Boynton,
Linda. “When the Class Bell Stops
Ringing: The Achievements and Challenges of Teaching Online First-Year
Composition.” Teaching English in the
Two-Year College 29.3 (2002): 298-311.
Writing early in the online
education boom, Boynton offers her reflections as a contribution to
scholarship, which she justifies by citing George Vaughan’s definition:
“’precise observation, organization, and recording of information in the search
for truth and order’” (299). She
organizes her online teaching experiences by identifying pairs of achievements
and challenges.
The first is the
increased connections with professionals outside the discipline (from tech
specialists to other online teachers), along with necessarily redefinition of relationships,
roles, and responsibilities. As a pioneer Boynton finds her limited experience
to be the equivalent of expertise.
Second, Boynton notes that moving online “reignites discussions about
what constitutes good teaching” (301), but that online teachers can also
develop an “us versus them” mindset because of the perceived gulf between
online and face-to-face teachers. Third,
she claims that online teaching allows for a student-teacher partnership, which
also necessitates the sacrifice of some professorial authority. Boynton’s comparison of online composition
instruction to 20 independent studies is telling because of the assumptions
underlying it—that online students work independently, and that students in
traditional classrooms do not partner with their instructors. As part of the
loss of authority, Boynton discusses her decision to make more exceptions to
deadlines, which makes the “larger [learning] goal…paramount again” (305), and
her experience with prospective students who feel entitled to assess whether
certain expectations of instructor performance, such as email response time,
will be met.
Fourth, Boynton presents the
increase in genuine moments of instruction because of increased contact time,
paired with the enormous demands of increased availability to students. Actively engaged students want more feedback,
and online students know that teachers have near-constant computer access, so
Boynton has trouble turning off her teaching and spends many hours giving
feedback, even to kids who would just as well revise once, submit, and get a
C. Finally, Boynton notes the benefit of
increased diversity but the difficulties of retaining students who have
competing obligations, ill-formed expectations, or insufficient
preparation.
I find her personal reflection at
the leading edge of online teaching to be a useful contribution, and I am
impressed with her willingness to make herself vulnerable by revealing her
challenges.
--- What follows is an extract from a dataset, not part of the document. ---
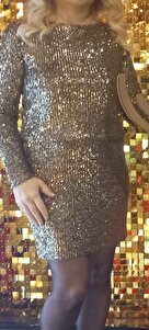 Pullu Payetli Kayık Yaka Uzun Kollu Mini Sırt Detaylı Abiye Elbise Pullu Payetli Kayık Yaka Uzun Kollu Mini Sırt Detaylı Abiye Elbise 5WAK80113FK XL

I wonder if her experiences
and, more interestingly, her assumptions were/are shared by other instructors. Specifically, she assumes that online
students are more active learners because of the mode of delivery, which
further assumes that face-to-face learning is more passive. Is this true even in classrooms using a
workshop model? Similarly, when she
discusses her partnership with each student, she states,
“Professionals…collaborate, offer different perspectives, and then end up with
something that goes far beyond what either thought possible at the beginning of
the process. This ‘partnership’ approach
has been one of the best parts of teaching online” (308). Why is such partnership a defining part of online
teaching and not of classroom teaching? And why is that partnership between student
and teacher only? It seems that
fostering collaboration between students would, besides the obvious benefits,
reduce the teacher’s feedback load by ending her role as the sole audience. I imagine that in the last ten years some of
these assumptions have shifted, but I know that others are still in effect
among many teachers, both online and in the classroom.